Let $A$ be a local ring with nilpotent maximal ideal $\mathfrak{m}$ (i.e., some power of $\mathfrak{m}$ vanishes), and $M$ an $A$-module (not necessarily finitely generated). Let $\bar{S}\subset M/\mathfrak{m}M$ be a set of generators and $S$ a set of representatives of $\bar{S}$ in $M$. Then is it true that $S$ is a set of generators of $M$? This is a common form of Nakayama's lemma with the assumption of finite generation of $M$ replacing the nilpotence of $\mathfrak{m}$. A passage in Matsumura's book "Commutative Ring Theory" (see Theorem 7.10) seems to imply this result, and I can't figure out why.

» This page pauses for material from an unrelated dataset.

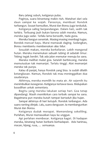 Rondok mencari kayu. Murai memasak daging. Sedangkan,

[Math] Non-finite version of Nakayama’s lemma
ac.commutative-algebramodules
Best Answer
Dear Kwan,
Let $N$ be the submodule of $M$ generated by $S$. Then by assumption $M = N +\mathfrak m M.$ Iterating this, we find that $$M = N + \mathfrak m (N + \mathfrak m M) = N + \mathfrak m^2 M = \cdots = N + \mathfrak m^n M$$ for any $n > 0.$ If we take $n$ large enough then $\mathfrak m^n = 0$ (by hypothesis). Thus $M = N,$ as desired.
P.S. I've found this to be quite a useful fact!